* ASSIGNED TASK *
Report the number of lines in the records below that hold "wood", and leave out everything else.

* GIVEN ENTRIES *
━━━

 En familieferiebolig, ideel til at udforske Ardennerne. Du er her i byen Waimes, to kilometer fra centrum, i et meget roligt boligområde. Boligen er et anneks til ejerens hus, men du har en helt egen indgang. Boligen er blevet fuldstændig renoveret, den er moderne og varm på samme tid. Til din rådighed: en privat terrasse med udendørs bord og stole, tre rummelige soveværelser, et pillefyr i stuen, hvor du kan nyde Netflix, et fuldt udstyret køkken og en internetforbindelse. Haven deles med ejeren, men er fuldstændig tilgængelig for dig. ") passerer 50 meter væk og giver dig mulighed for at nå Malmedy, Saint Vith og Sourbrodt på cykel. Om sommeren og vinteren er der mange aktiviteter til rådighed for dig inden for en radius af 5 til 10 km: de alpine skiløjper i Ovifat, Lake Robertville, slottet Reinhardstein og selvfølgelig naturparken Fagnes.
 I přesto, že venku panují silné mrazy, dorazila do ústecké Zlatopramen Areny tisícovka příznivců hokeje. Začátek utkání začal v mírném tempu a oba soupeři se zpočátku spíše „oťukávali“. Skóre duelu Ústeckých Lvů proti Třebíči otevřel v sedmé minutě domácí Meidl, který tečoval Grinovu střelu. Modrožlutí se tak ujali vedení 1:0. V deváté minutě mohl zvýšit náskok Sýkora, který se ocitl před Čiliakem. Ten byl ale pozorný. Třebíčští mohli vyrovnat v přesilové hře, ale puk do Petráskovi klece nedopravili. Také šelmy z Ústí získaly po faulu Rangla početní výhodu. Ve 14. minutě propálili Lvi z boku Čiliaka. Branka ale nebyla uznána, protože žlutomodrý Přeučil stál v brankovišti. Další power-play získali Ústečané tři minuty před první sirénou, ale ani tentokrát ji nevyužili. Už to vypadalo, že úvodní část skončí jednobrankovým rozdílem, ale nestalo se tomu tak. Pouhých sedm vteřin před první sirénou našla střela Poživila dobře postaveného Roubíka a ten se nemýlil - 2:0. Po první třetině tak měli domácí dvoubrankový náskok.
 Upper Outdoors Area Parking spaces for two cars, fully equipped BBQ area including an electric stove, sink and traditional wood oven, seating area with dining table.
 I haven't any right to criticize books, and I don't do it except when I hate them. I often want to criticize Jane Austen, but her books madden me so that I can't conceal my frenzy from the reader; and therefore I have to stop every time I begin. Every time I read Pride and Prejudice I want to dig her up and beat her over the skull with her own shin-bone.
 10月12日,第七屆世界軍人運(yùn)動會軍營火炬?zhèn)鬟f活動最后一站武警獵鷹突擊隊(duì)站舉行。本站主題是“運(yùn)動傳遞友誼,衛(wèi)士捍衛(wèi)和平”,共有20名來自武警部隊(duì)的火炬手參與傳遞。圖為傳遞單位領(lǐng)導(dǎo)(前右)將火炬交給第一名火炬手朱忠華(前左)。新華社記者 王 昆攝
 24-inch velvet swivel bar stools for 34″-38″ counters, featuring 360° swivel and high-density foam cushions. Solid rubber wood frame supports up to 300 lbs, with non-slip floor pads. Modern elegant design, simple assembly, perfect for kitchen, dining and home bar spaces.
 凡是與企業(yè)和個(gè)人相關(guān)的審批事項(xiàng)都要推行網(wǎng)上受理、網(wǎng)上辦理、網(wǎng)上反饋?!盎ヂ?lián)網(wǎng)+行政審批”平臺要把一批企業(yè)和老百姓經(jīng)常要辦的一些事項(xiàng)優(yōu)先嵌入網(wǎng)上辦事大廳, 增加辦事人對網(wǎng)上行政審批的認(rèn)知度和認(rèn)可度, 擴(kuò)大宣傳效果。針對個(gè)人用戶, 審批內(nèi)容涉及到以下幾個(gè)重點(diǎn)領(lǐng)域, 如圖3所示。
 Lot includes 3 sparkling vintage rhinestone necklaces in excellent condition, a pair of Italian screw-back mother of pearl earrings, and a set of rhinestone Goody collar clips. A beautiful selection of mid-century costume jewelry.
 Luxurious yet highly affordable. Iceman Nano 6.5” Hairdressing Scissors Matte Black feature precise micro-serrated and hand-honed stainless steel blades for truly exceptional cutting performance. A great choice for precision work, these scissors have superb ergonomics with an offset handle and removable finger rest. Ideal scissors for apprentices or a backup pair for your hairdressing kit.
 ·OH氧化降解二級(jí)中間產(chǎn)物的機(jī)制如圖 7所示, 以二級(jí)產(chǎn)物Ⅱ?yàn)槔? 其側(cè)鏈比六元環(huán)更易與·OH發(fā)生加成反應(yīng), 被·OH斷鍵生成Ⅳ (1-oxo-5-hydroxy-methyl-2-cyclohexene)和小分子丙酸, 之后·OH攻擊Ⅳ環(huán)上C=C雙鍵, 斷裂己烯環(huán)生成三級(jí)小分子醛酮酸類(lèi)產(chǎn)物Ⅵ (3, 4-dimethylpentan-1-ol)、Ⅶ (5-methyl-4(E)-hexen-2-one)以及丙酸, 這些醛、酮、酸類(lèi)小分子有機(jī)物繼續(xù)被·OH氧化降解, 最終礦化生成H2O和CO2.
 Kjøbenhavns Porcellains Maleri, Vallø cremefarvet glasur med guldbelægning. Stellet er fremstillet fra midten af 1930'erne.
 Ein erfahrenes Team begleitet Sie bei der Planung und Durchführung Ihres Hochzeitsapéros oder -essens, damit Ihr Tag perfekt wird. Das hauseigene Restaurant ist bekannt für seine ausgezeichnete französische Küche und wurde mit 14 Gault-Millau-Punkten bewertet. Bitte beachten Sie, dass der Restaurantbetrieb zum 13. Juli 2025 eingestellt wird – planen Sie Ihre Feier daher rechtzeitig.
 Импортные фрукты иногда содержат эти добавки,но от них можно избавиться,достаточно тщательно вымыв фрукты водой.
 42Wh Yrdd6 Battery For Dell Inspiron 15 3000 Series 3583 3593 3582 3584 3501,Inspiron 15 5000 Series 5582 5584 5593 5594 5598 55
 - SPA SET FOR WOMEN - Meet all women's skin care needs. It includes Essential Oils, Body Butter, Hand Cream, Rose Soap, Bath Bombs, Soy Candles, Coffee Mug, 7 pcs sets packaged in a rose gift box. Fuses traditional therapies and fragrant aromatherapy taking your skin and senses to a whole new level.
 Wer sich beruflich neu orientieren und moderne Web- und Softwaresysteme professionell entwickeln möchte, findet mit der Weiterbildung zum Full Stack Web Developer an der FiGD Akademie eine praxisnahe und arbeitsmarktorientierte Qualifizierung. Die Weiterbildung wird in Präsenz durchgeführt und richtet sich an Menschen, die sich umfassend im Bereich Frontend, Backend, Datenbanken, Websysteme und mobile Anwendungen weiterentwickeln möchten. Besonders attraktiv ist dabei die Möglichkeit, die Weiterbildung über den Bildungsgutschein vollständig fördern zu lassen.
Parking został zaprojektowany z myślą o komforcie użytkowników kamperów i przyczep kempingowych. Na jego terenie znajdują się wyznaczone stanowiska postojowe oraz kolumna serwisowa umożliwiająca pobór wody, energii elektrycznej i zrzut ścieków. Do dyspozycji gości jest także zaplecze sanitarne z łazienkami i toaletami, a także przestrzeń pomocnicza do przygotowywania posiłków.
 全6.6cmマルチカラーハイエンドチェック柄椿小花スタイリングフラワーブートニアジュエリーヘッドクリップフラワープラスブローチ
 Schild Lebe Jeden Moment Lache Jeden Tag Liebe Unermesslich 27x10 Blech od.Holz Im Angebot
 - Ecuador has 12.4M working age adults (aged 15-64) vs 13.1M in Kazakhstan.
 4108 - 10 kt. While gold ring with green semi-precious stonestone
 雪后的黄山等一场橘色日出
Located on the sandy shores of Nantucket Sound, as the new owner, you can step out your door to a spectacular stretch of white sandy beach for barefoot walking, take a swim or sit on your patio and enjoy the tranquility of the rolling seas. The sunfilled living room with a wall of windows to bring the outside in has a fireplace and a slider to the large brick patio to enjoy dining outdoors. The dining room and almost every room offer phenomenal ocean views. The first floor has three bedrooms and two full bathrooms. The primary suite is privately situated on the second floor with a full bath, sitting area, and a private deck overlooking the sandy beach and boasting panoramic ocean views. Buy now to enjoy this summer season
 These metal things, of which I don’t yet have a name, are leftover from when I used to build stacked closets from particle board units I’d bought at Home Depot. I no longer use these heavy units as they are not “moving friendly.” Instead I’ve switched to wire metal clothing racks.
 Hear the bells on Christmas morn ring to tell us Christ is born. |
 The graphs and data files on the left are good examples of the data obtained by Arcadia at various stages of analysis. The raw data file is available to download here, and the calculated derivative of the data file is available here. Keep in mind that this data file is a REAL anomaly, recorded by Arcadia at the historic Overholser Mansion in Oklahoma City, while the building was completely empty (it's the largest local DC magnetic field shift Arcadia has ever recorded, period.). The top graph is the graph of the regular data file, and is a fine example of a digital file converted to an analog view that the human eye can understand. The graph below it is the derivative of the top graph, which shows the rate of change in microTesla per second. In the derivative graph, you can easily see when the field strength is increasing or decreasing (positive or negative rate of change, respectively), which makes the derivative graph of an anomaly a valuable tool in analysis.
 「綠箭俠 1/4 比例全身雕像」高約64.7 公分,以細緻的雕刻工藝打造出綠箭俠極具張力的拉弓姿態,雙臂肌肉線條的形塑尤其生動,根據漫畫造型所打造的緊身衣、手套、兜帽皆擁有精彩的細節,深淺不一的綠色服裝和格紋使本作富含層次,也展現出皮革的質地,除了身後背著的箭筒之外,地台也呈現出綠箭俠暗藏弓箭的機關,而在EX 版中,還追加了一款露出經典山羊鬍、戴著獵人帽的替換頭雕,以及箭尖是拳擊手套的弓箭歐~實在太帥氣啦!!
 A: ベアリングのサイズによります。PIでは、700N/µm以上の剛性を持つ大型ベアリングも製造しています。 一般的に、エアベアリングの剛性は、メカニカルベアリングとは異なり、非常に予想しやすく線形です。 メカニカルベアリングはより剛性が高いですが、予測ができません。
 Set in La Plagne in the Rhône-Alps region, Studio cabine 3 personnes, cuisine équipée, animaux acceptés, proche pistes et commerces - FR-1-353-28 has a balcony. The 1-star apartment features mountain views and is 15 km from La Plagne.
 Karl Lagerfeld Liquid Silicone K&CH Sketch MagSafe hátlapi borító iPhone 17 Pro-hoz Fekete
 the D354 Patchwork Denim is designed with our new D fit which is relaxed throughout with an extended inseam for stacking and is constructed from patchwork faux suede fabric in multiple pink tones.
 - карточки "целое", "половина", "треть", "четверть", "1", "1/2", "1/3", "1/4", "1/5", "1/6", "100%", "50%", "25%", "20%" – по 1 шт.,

━━━

* RESPONSE TO THIS EXERCISE *
2